Afro-Latin America 1800-2000 (By George Reid Andrews)
In this, the first history of the African diaspora in Latin America from emancipation to the present, George Reid Andrews deftly synthesizes the history of people of African descent in every Latin American country from Mexico and the Caribbean to Argentina. He examines how African peoples and their descendants made their way from slavery to freedom and how they helped shape and responded to political, economic, and cultural changes in their societies.
This intensely personal and political autobiography belies the fearsome image of JoAnne Chesimard long projected by the media and the state. With wit and candor, Assata Shakur recounts the experiences that led her to a life of activism and portrays the strengths, weaknesses, and eventual demise of Black and White revolutionary groups at the hand of government officials.
Message to the Blackman (By Elijah Muhammad)
Elijah Muhammad, by far, was one of the most powerful black men in America. Known more for the students he produced, like Malcolm X, Louis Farrakhan and Muhammad Ali, this man exposed the black man as well as the world to a teaching, till now, was only used behind closed doors of high degree Masons and Shriners. An easy and smart read. The book approaches the question of what and who is God. It explores the origin of the original man, mankind, devil, heaven and hell.

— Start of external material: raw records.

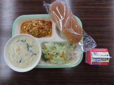 本日の献立は、コッペパン、牛乳、コーンシチュー、チリコンカン、野菜サラダでした。待ってましたのチリコンカンでした。美味しくいただきました。ご馳走様でした。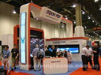 在日前于美國拉斯維加斯舉行的Infocomm 2005展會上,韓國歐麗安(Orion)等離子顯示器株式會社2005年新品“天衣”(英文名稱:Infinte)等離子無限拼接顯示幕墻以其168英寸的超大尺寸和僅僅3~5mm的拼接縫隙征服了與會觀眾。 Orion展臺全景,左側(cè)為一組1×4的異型拼接 &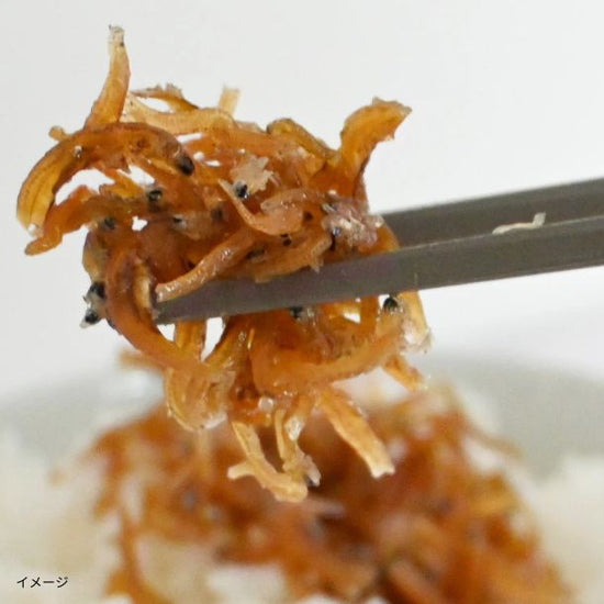 | 原材料名 | ちりめん(韓国製造、国内製造)、山椒の実、醤油(小麦・大豆を含む)、砂糖、発酵調味料、食塩/ソルビット、調味料(アミノ酸等)、酸味料、保存料(ソルビン酸K) ※本製品で使用しているしらすちりめん(いわしの稚魚)は、エビ、カニが混ざる漁法で採取しています。 |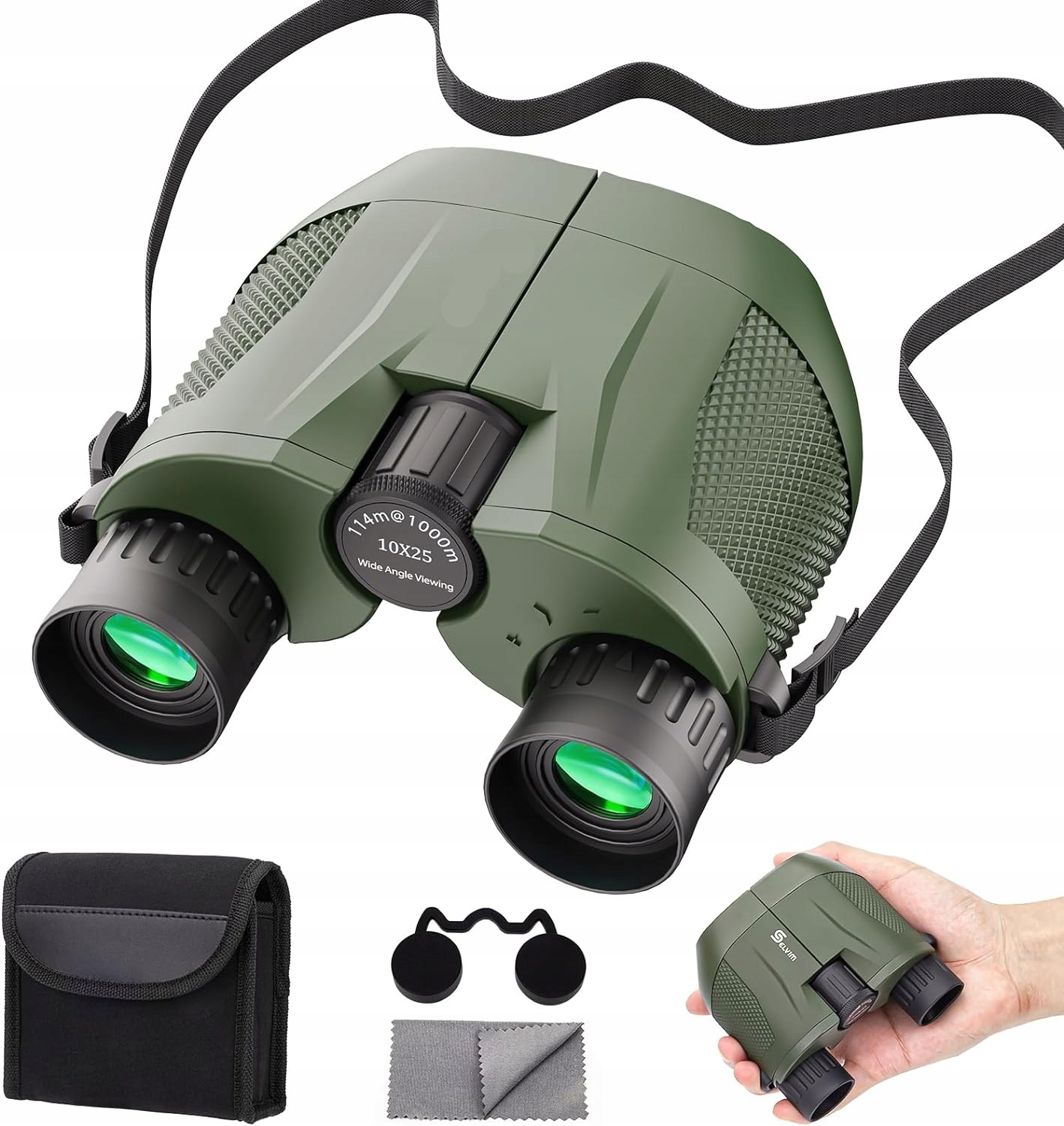 - 10 × 25 биноклей HD: 10 раз увеличение обладает превосходной способностью собирать свет. По сравнению с объективом 22 мм, эта многослойная линза 25 мм имеет эффективный диаметр для более широкого поля просмотра.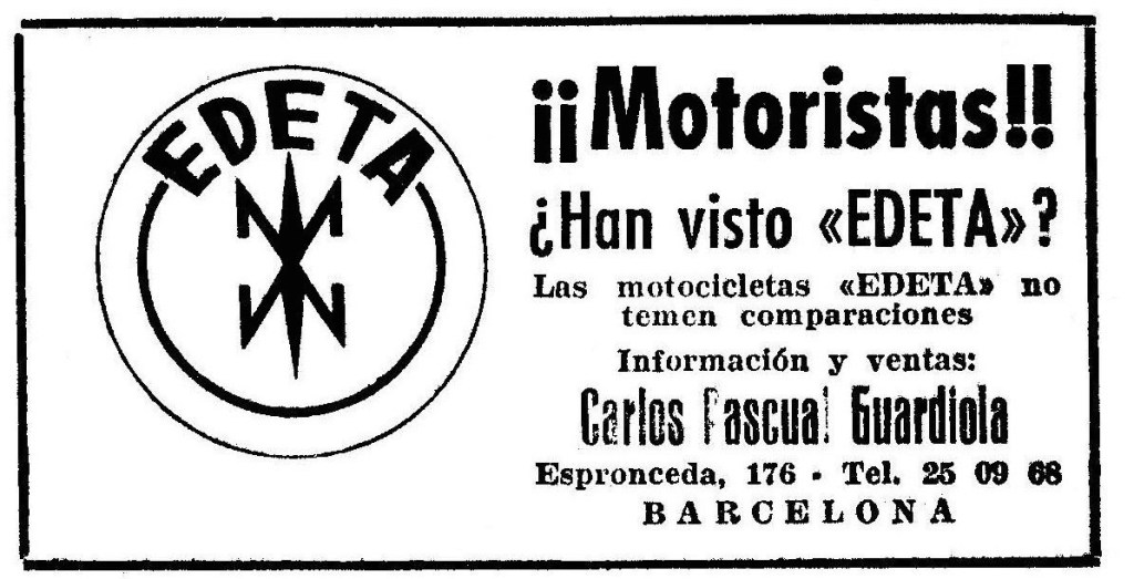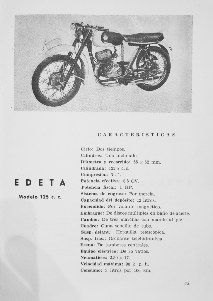 This Edeta 125cc Data Sheet (pre-Hispano Villiers engine) is reproduced from the Catalogo Español de Motocicletas 1957 Finanzauto SA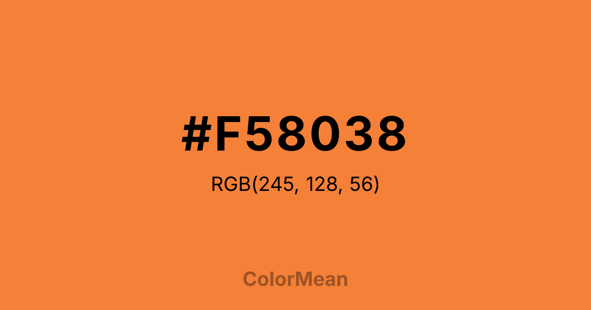 #F58038 RGB value is (245, 128, 56). The hex color red value is 245, green is 128, and blue is 56. Its HSL format shows a hue of 23°, saturation of 90 percent, and lightness of 59 percent. The CMYK process values are 0 percent, 48 percent, 77 percent, 4 percent.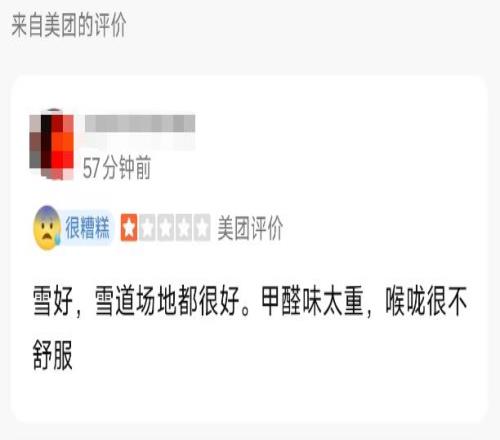 除了配套没完全建好,新装修的“味道”也成了不少人吐槽的点。在社交平台上,关于华发冰雪世界“甲醛味道大”的讨论热度也不小。有网友吐槽“味道大到有点冲”,“建议大家买厚一些的口罩来”;不过也有部分常玩雪的人觉得,味道没那么夸张,“能接受,不算刺鼻”,不同感受还引发了小范围讨论。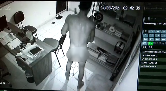 Um dado chama a atenção nas imagens do circuito de monitoramento da loja, é que o homem aparece invadindo o local completamente nu. O roubo aconteceu na madrugada desta segunda-feira (24).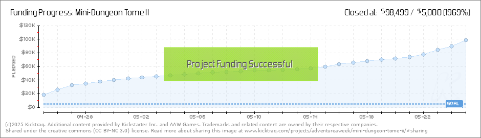 Ask a friend to back for $1 and we can unlock more Backer Goals! Mini-Dungeon Tome II Featured in Kickstarter Games Newsletter AAW Games is grateful to Kickstarter for choosing the Mini-Dungeon Tome II as a “Project We Love” and featuring our... (Read More)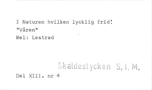 //// I Naturen hvilken lycklig frid: "Våren" //// Mel: Lestrad //// Skatdestycken S, L M. //// Del XIII, nr 4 ////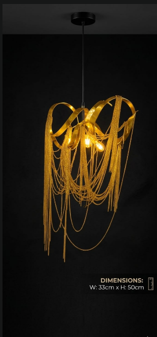 Translating to “Flowing Gold,” this name perfectly describes the way the gold chains appear to pour downwards, creating a dynamic and opulent visual effect.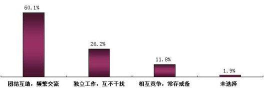 weilegengshenrulejiedianzigongchengshideshengcunhuanjing,womenteyishezhilezhegewenti。duimeiyiweigongchengshilaishuo,tongshiguanxichulideruhe,zhijieyingxiangzhetamendegongzuozhiliangheshenghuozhiliang,lianghaodetongshiguanxi,lirenliji,ligonglisi。tebierangwomenxinweideshi,60.1%的電子工程師和同事處於團結互助,頻繁交流的工作狀態,在目前經濟危機的陰霾籠罩下,這樣同事關係顯的尤為重要。(見圖表七)

Sister Citizen (By Melissa V. Harris-Perry)
In this groundbreaking book, Melissa V. Harris-Perry uses multiple methods of inquiry, including literary analysis, political theory, focus groups, surveys, and experimental research, to understand more deeply black women’s political and emotional responses to pervasive negative race and gender images. Not a traditional political science work concerned with office-seeking, voting, or ideology, Sister Citizen instead explores how African American women understand themselves as citizens and what they expect from political organizing.
Woman, Race, & Class (By Angela Davis)
A powerful study of the women’s movement in the U.S. from abolitionist days to the present that demonstrates how it has always been hampered by the racist and classist biases of its leaders.